INSTRUCTIONS FOR THE TASK:
The records underneath are to be repeated exactly, with the pictures left out.

···

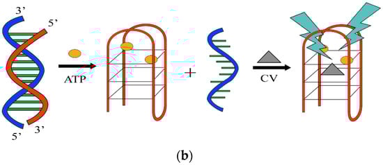 Since the conjugation of aptamers may lead to other unwanted issues and considering the unique feature of aptamers to adopt G4 structures upon binding to their cognate ligand, attempts have been made to develop a detection strategy devoid of aptamer modifications or without the use of enzymes. Various studies have been conducted utilizing non-covalent fluorescence on aptamer-based detection system. In one of these studies, a switch-on method for the detection of adenosine triphosphate (ATP) using aptamer based on a duplex-to-quadruplex conversion strategy was reported. Abnormal ATP levels from an overproduction of ATP by creatinine kinase has been associated with diseases like angiocardiopathy, making accurate detection of ATP a critical assessment for angiocardiopathy []. The ATP detection method applied a label-free fluorescence switch-on assay, utilizing crystal violet (CV) (see Figure 17a) to monitor the conversion of the ATP aptamer in the presence of ATP (see Figure 17b). It was also suggested that such a G4-based design could reduce the non-specific binding of the probe, while maintaining the simplicity and cost efficiency of label-free detection. In this system, the ATP aptamer and its complementary sequence were initially hybridized. In the absence of ATP, the binding of CV to the duplex DNA was weak resulting in a low emission of fluorescence signal. The duplex conformation was claimed to be in equilibrium with a small population of dissociated single strands allowing the ATP aptamer to form a G4 structure. Through population-shift mechanism, the presence of ATP will trigger the dissociation of the duplex and the formation of the aptamer-target complex as ATP only stabilizes the G4 structure of the aptamer. A strong interaction between the CV and the G4 was formed, producing a significant fluorescence response to ATP [].
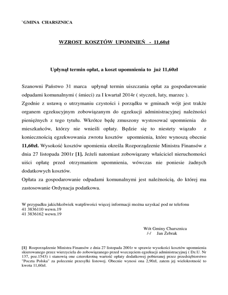 `GMINA CHARSZNICA WZROST KOSZTÓW UPOMNIEŃ - 11,60zł Upłynął termin opłat, a koszt upomnienia to już 11,60zł Szanowni Państwo 31 marca upłynął termin uiszczania opłat za gospodarowanie odpadami komunalnymi ( śmieci) za I kwartał 2014r ( styczeń, luty, marzec ). Zgodnie z ustawą o utrzymaniu czystości i porządku w gminach wójt jest trakże organem egzekucyjnym zobowiązanym do egzekucji administracyjnej należności pieniężnych z tego tytułu. Wkrótce będę zmuszony wystosować upomnienia do mieszkańców, którzy nie wnieśli opłaty. Będzie się to niestety wiązało z koniecznością egzekwowania zwrotu kosztów upomnienia, które wynoszą obecnie 11,60zł. Wysokość kosztów upomienia określa Rozporządzenie Ministra Finansów z dnia 27 listopada 2001r [1]. Jeżeli natomiast zobowiązany właściciel nieruchomości uiści opłatę przed otrzymaniem upomnienia, wówczas nie poniesie żadnych dodatkowych kosztów. Opłata za gospodarowanie odpadami komunalnymi jest należnością, do której ma zastosowanie Ordynacja podatkowa. W przypadku jakichkolwiek watpliwości więcej informacji można uzyskać pod nr telefonu 41 3836110 wewn.19 41 3836162 wewn.19 Wót Gminy Charsznica /-/ Jan Żebrak [1] Rozporządzenie Ministra Finansów z dnia 27 listopada 2001r w sprawie wysokości kosztów upomnienia skierowanego przez wierzyciela do zobowiązanego przed wszczęciem egzekucji administracyjnej ( Dz.U. Nr 137, poz.1543) i stanowią one czterokrotną wartość opłaty dodatkowej pobieranej przez przedsiębiorstwo "Poczta Polska" za polecenie przesyłki listowej. Obecnie wynosi ona 2,90zł, zatem jej wielokrotność to kwota 11,60zł.
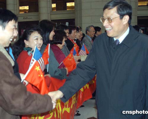 中國新任駐美大使周文重當地時間四月三日中午抵達美國首都華盛頓履新,受到當地華人僑學界代表的熱烈歡迎。
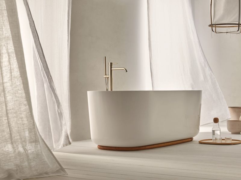 La baignoire Calma est une baignoire acrylique en îlot avec bonde click-clack et débordement intégré. Vous pouvez la personnaliser, en choisissant la couleur de votre choix. Mais aussi, en y ajoutant les accessoires que vous souhaitez, un plateau rectangulaire ou rond, en bois, sur le côté ou le milieu, de nombreuses possibilités vous sont accessibles.
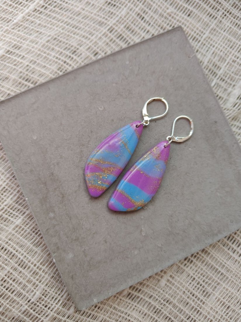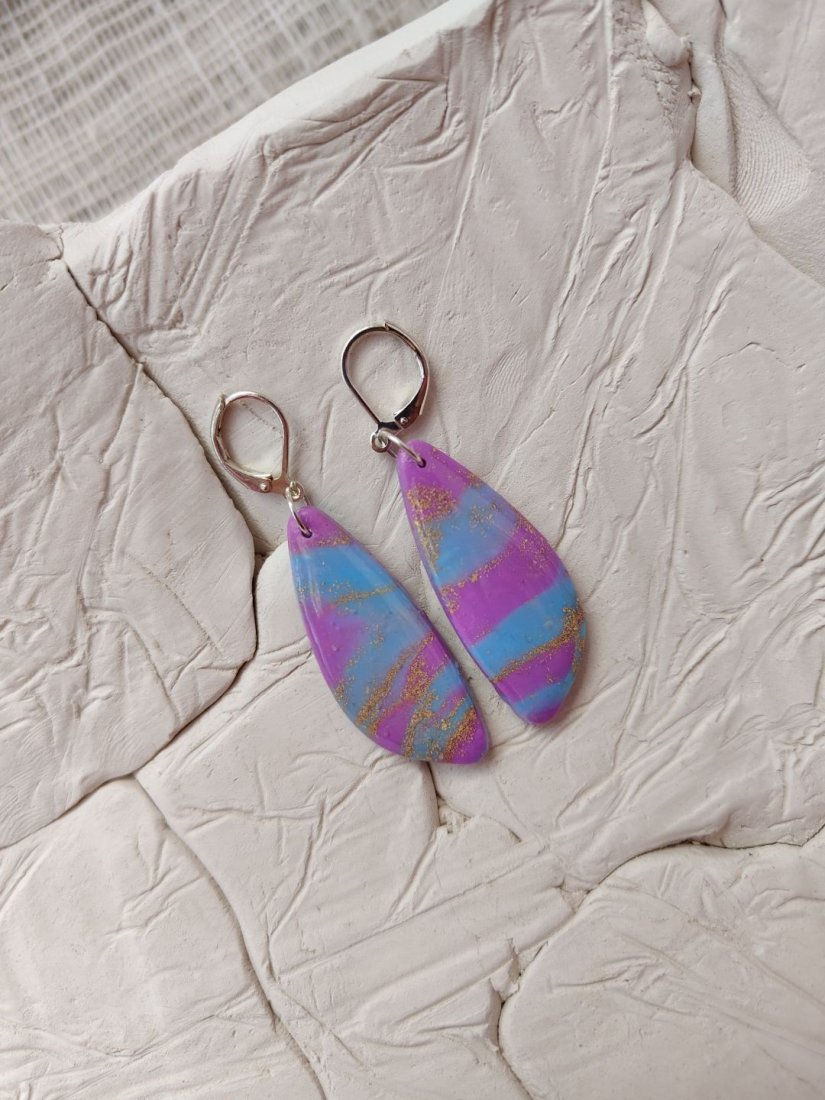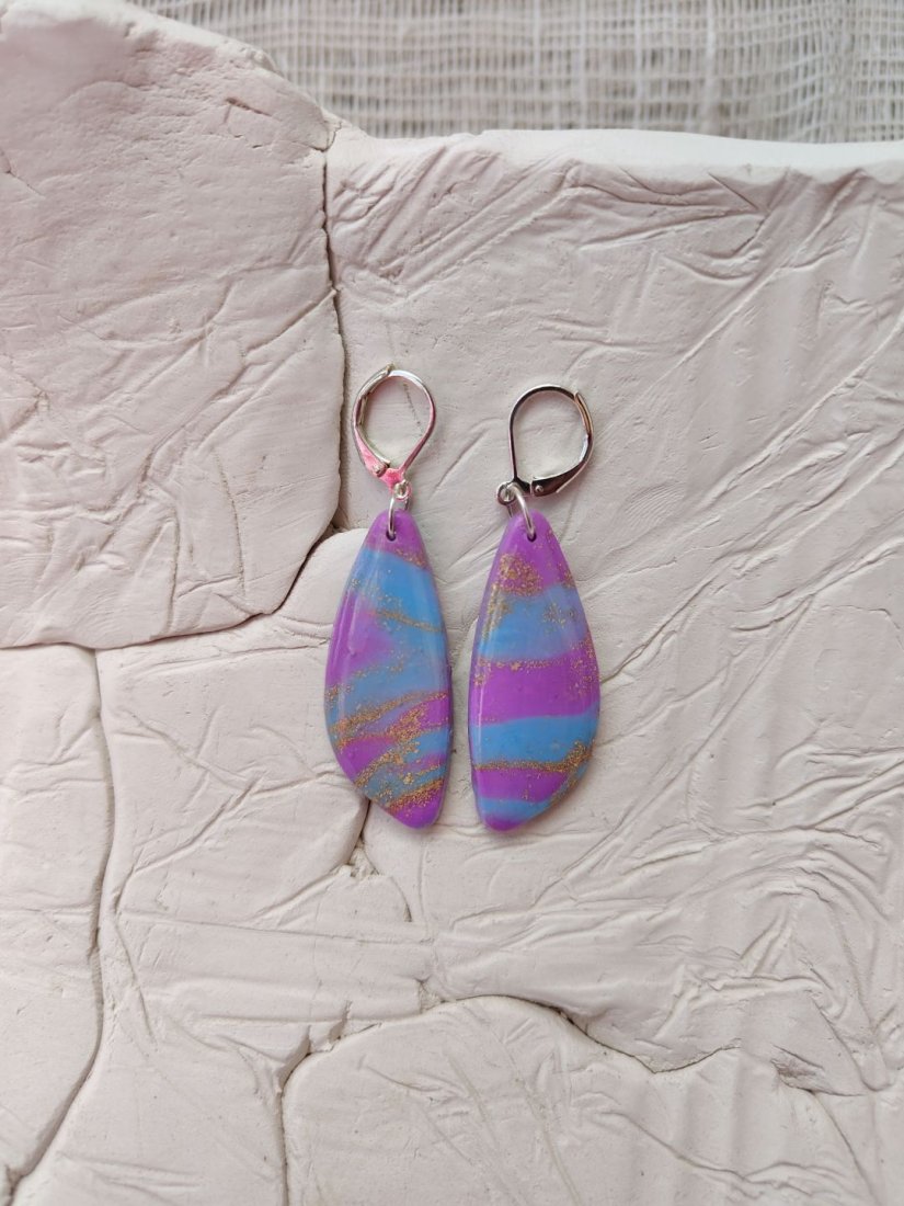 Unikalne, ręcznie wykonane kolczyki, które przyciągają spojrzenia dzięki hipnotyzującemu połączeniu intensywnego fioletu i turkusu, przełamanych subtelnymi złotymi akcentami. Każda para jest tworzona z dbałością o najmniejszy detal, a warstwa żywicy nadaje im efekt szklistości i wyjątkowej głębi koloru. Idealne dla osób, które lubią wyróżniać się oryginalną biżuterią i cenią rękodzieło z charakterem. Doskonale sprawdzą się zarówno na co dzień, jak i jako wyrazisty dodatek na specjalne okazje.

···

RESPONSE TO THE EXERCISE:
 Since the conjugation of aptamers may lead to other unwanted issues and considering the unique feature of aptamers to adopt G4 structures upon binding to their cognate ligand, attempts have been made to develop a detection strategy devoid of aptamer modifications or without the use of enzymes. Various studies have been conducted utilizing non-covalent fluorescence on aptamer-based detection system. In one of these studies, a switch-on method for the detection of adenosine triphosphate (ATP) using aptamer based on a duplex-to-quadruplex conversion strategy was reported. Abnormal ATP levels from an overproduction of ATP by creatinine kinase has been associated with diseases like angiocardiopathy, making accurate detection of ATP a critical assessment for angiocardiopathy []. The ATP detection method applied a label-free fluorescence switch-on assay, utilizing crystal violet (CV) (see Figure 17a) to monitor the conversion of the ATP aptamer in the presence of ATP (see Figure 17b). It was also suggested that such a G4-based design could reduce the non-specific binding of the probe, while maintaining the simplicity and cost efficiency of label-free detection. In this system, the ATP aptamer and its complementary sequence were initially hybridized. In the absence of ATP, the binding of CV to the duplex DNA was weak resulting in a low emission of fluorescence signal. The duplex conformation was claimed to be in equilibrium with a small population of dissociated single strands allowing the ATP aptamer to form a G4 structure. Through population-shift mechanism, the presence of ATP will trigger the dissociation of the duplex and the formation of the aptamer-target complex as ATP only stabilizes the G4 structure of the aptamer. A strong interaction between the CV and the G4 was formed, producing a significant fluorescence response to ATP [].
 `GMINA CHARSZNICA WZROST KOSZTÓW UPOMNIEŃ - 11,60zł Upłynął termin opłat, a koszt upomnienia to już 11,60zł Szanowni Państwo 31 marca upłynął termin uiszczania opłat za gospodarowanie odpadami komunalnymi ( śmieci) za I kwartał 2014r ( styczeń, luty, marzec ). Zgodnie z ustawą o utrzymaniu czystości i porządku w gminach wójt jest trakże organem egzekucyjnym zobowiązanym do egzekucji administracyjnej należności pieniężnych z tego tytułu. Wkrótce będę zmuszony wystosować upomnienia do mieszkańców, którzy nie wnieśli opłaty. Będzie się to niestety wiązało z koniecznością egzekwowania zwrotu kosztów upomnienia, które wynoszą obecnie 11,60zł. Wysokość kosztów upomienia określa Rozporządzenie Ministra Finansów z dnia 27 listopada 2001r [1]. Jeżeli natomiast zobowiązany właściciel nieruchomości uiści opłatę przed otrzymaniem upomnienia, wówczas nie poniesie żadnych dodatkowych kosztów. Opłata za gospodarowanie odpadami komunalnymi jest należnością, do której ma zastosowanie Ordynacja podatkowa. W przypadku jakichkolwiek watpliwości więcej informacji można uzyskać pod nr telefonu 41 3836110 wewn.19 41 3836162 wewn.19 Wót Gminy Charsznica /-/ Jan Żebrak [1] Rozporządzenie Ministra Finansów z dnia 27 listopada 2001r w sprawie wysokości kosztów upomnienia skierowanego przez wierzyciela do zobowiązanego przed wszczęciem egzekucji administracyjnej ( Dz.U. Nr 137, poz.1543) i stanowią one czterokrotną wartość opłaty dodatkowej pobieranej przez przedsiębiorstwo "Poczta Polska" za polecenie przesyłki listowej. Obecnie wynosi ona 2,90zł, zatem jej wielokrotność to kwota 11,60zł.
 中國新任駐美大使周文重當地時間四月三日中午抵達美國首都華盛頓履新,受到當地華人僑學界代表的熱烈歡迎。
 La baignoire Calma est une baignoire acrylique en îlot avec bonde click-clack et débordement intégré. Vous pouvez la personnaliser, en choisissant la couleur de votre choix. Mais aussi, en y ajoutant les accessoires que vous souhaitez, un plateau rectangulaire ou rond, en bois, sur le côté ou le milieu, de nombreuses possibilités vous sont accessibles.
 Unikalne, ręcznie wykonane kolczyki, które przyciągają spojrzenia dzięki hipnotyzującemu połączeniu intensywnego fioletu i turkusu, przełamanych subtelnymi złotymi akcentami. Każda para jest tworzona z dbałością o najmniejszy detal, a warstwa żywicy nadaje im efekt szklistości i wyjątkowej głębi koloru. Idealne dla osób, które lubią wyróżniać się oryginalną biżuterią i cenią rękodzieło z charakterem. Doskonale sprawdzą się zarówno na co dzień, jak i jako wyrazisty dodatek na specjalne okazje.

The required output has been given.